C’est lourd comme contexte...
C’est très lourd, et cela explique que, malgré les ZEP mises en place en 1981, malgré les efforts faits pour relancer les réflexions sur le commun (rapport Bourdieu/Gros, initiatives de F. Bayrou et socle commun de F. Fillon), on en soit à un moment où tous les partenaires, corps d’inspection, experts, praticiens et syndicats, partagent les mêmes interrogations : quel socle commun, quelle école commune ? Et cela va nécessiter deux questions à mon sens, l’une déjà posée en son temps par Abdelmalek Sayad : de quelle culture parlons-nous ? (6) Et j’ajouterai : de quel commun parlons-nous ? Pourquoi ne parlons-nous que du commun aujourd’hui ? Est-ce parce qu’enfin, nous comprenons que tous les enfants scolarisés en France sont et seront français et sont l’avenir de la France ? Dès lors, est-ce le moment historique dont parle Vincent Peillon, qui ouvrirait une troisième période, décisive pour l’école de la République ?»

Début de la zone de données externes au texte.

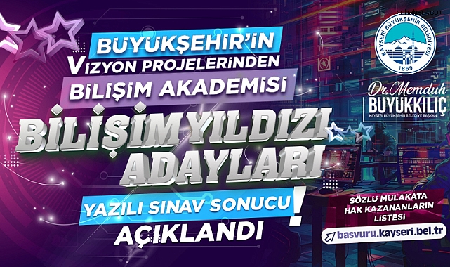 Kayseri Büyükşehir Belediyesi tarafından gençlerin bilişim teknolojileri, yazılım geliştirme, siber güvenlik, veri bilimi, robotik kodlama gibi alanlarda eğitim alarak geleceğe hazırlanması amacıyla hayata geçirilen Bilişim Akademisi’nde önemli bir adım daha atıldı. Belediye Başkanı Dr. Memduh Büyükkılıç’ın gençlere yönelik özel projelerinden biri olan Kayseri Bilişim Akademisi’nin yazılı sınav sonuçları açıklandı.21 Eylül 2024 Cumartesi günü gerçekleştirilen yazılı sınavı başarıyla geçen adaylar, sözlü mülakat hakkı kazandı. Sınavı geçen adayların listesi Kayseri Büyükşehir Belediyesi’nin resmi başvuru sitesi olan basvuru.kayseri.bel.tr adresinde yayımlandı. Sözlü mülakatlar, 28 Eylül 2024 Cumartesi günü, Milli Mücadele Müzesi’nde gerçekleştirilecek. Mülakatlar, Erciyes Üniversitesi ve Kayseri Üniversitesi’nden alanında uzman akademisyenler tarafından yapılacak.Bilişim Akademisi’nin Gençlere Katkıları
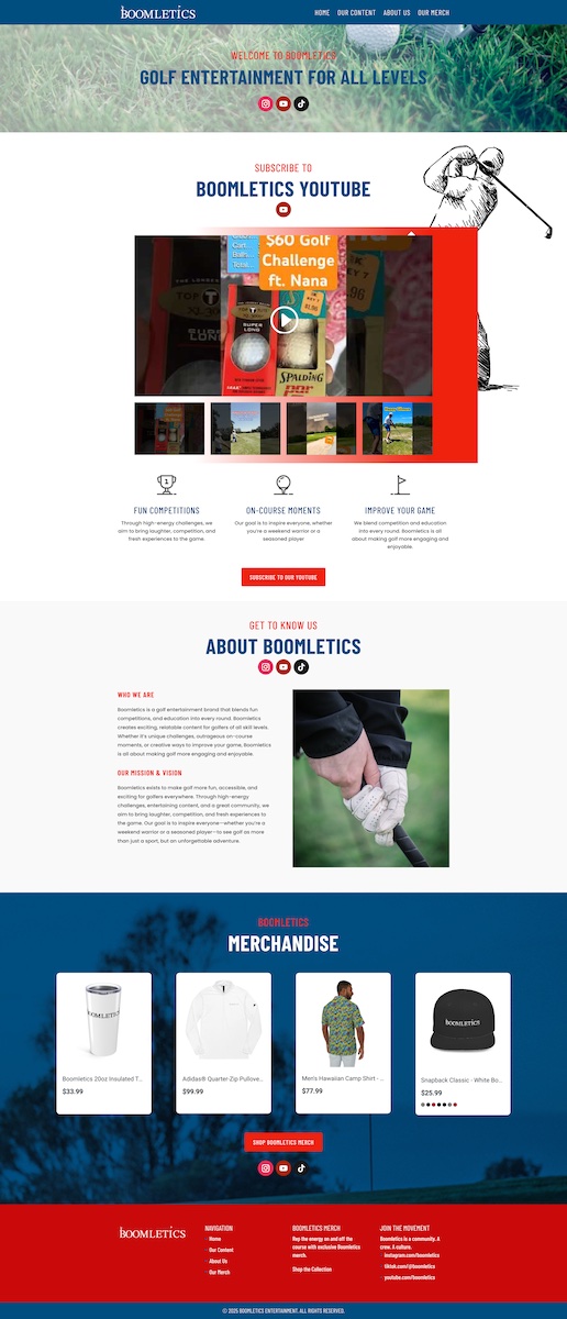 Boomletics, a fast-growing golf entertainment brand, needed a central digital home for their YouTube-driven community. We built their first official website — a sleek, energetic platform that brings together their video content, brand story, and merchandise into one cohesive experience.

Benoît Falaize, université de Cergy Pontoise, coauteur avec Elsa Bouteville de L’Essentiel du prof des écoles (Didier/l’Etudiant, 2011).


(1) Vincent Troger, «La fin du collège unique ?», in Sciences humaines, n° 136, mars 2003, «Les nouveaux visages des inégalités».
(2) S. Laacher, L’Institution scolaire et ses miracles, La Dispute, 2005.
(3) Voir par exemple Claude Lelièvre, «Un socle commun pour un collège unique», in Cahiers pédagogiques, n° 439, janvier 2006.
(4) B. Falaize, «Identités, histoire et mémoires scolaires : les enfants descendants de travailleurs nord-africains en France», in Identités en construction, identités en interaction, s/dir. P. Nagy, P. Sahin-Toth, Presses universitaires de Rouen (PURH)/ELTE, Budapest, 2006.
(5) R. Girault, «Libres propos sur un rapport», Colloque national sur l’histoire et son enseignement, Montpellier 1984, Paris, MEN, 1985.
(6) A. Sayad, La Double Absence, Seuil, 1999.